In this embodiment, the planetary pin 100 may be fixed on a planetary rotating frame 103, and a thrust bearing 104 may be further disposed between the planetary rotating frame 103 and the planetary 102. More specifically, after the lubricating oil flows out of the sliding bearing 101, a part of the lubricating oil may flow back to the oil sump of the gearbox along the oil return line, and another part of the lubricating oil may flow between the inner ring and the outer ring of the thrust bearing 104 and also flow back to the oil sump of the gearbox along the oil return line after forming an oil film, but the invention is not limited thereto.

In yet another embodiment, the lubricating oil may flow in parallel between the inner and outer rings of the sliding bearing 101 and the thrust bearing 104 through the pipe group 201, but the invention is not limited thereto.

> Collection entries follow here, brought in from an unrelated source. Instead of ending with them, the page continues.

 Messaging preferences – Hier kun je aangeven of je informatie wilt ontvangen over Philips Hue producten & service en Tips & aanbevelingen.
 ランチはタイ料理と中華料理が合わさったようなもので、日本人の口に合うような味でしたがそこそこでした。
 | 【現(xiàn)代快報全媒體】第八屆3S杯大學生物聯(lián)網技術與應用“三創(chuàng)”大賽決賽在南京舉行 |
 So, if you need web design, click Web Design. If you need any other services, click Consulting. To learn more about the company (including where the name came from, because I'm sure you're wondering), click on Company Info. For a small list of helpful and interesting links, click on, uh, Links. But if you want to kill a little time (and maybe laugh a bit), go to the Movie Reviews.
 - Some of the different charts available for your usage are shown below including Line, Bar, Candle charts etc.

With continued reference to fig. 1, the pipeline group 201 includes: a first pipeline 2011, an oil inlet of which is connected with the lubrication system 105, and an oil outlet of which penetrates through the inner ring of the sliding bearing 101 and is used for conveying lubricating oil between the inner ring and the outer ring of the sliding bearing 101; a second pipeline 2012, an oil inlet of which is connected to an oil inlet of the first pipeline 2011; and a third pipeline 2013, an oil inlet of which is connected with an oil outlet of the second pipeline 2012, and an oil outlet of which is connected with the oil storage cavity 202, for conveying lubricating oil to the oil storage cavity 202.

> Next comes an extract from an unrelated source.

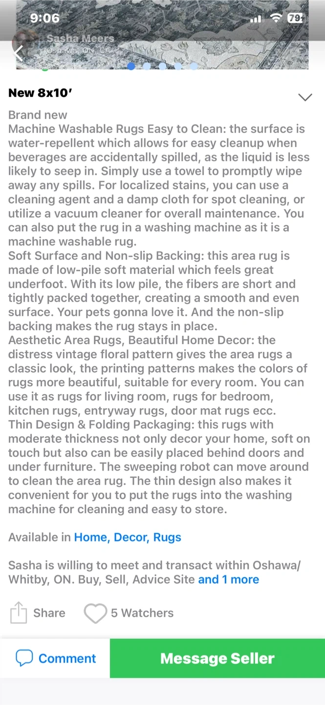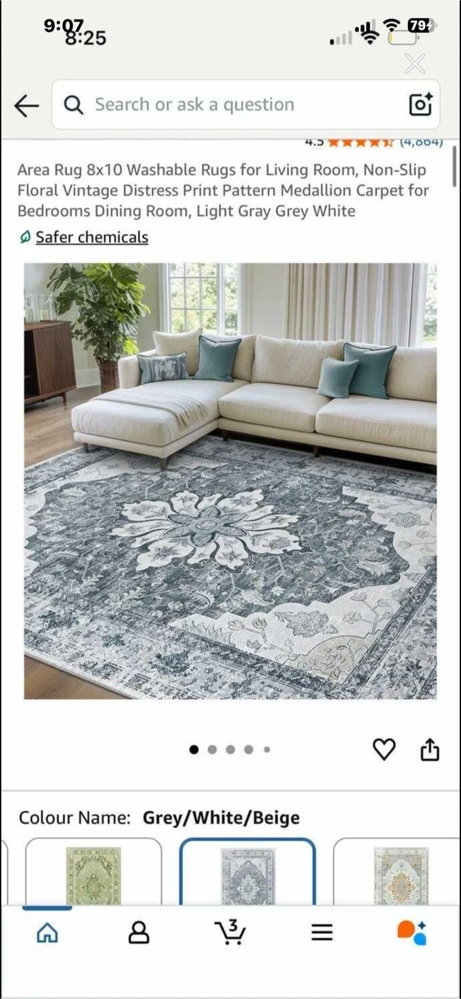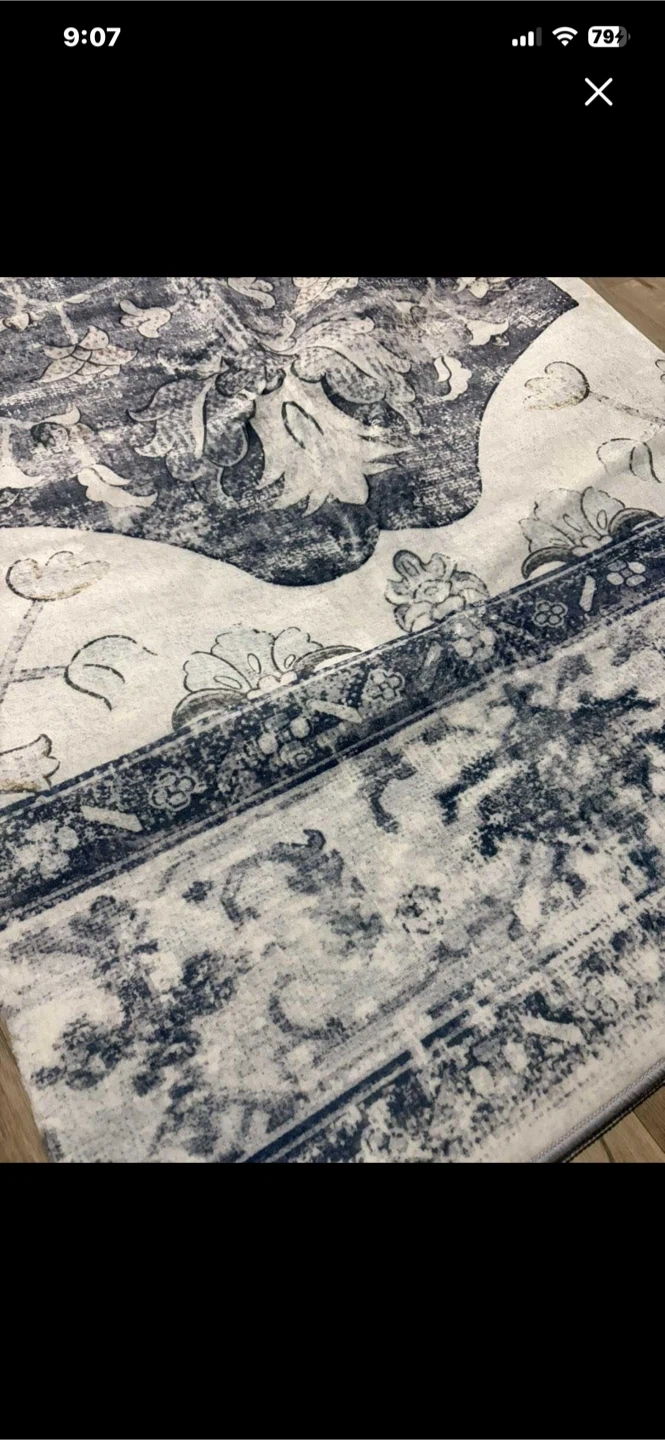 This 8x10 area rug features a distressed floral pattern that's water repellent and easy to clean. It's machine washable and has a non-slip backing. The soft surface pile height is 0.2 inches.

It will be appreciated that in some other embodiments, the tubing set 201 further comprises: a fourth conduit 2014 comprising a first port, a second port, and a third port; and a first port of the fourth pipeline 2014 is connected to the first pipeline 2011, a second port is connected to the second pipeline 2012, and a third port is connected to the third pipeline 2013, so as to communicate the first pipeline 2011, the second pipeline 2012 and the third pipeline 2013.

In some embodiments, the tubing set 201 further comprises: the first check valve 2015 is disposed on the first pipeline 2011 and is located between the oil inlet of the first pipeline 2011 and the first port of the fourth pipeline 2014, and is used for controlling on-off of the first pipeline 2011 and flow direction of lubricating oil in the first pipeline 2011; a second check valve 2016, disposed on the third pipe 2013, located between an oil inlet of the third pipe 2013 and a third port of the fourth pipe 2014, and configured to control on-off of the third pipe 2013 and a flow direction of lubricating oil in the third pipe 2013; and a pressure switch 2017, disposed on the fourth pipeline 2014, and located at a junction of the first port and the second port of the fourth pipeline 2014, for controlling on/off of the fourth pipeline 2014.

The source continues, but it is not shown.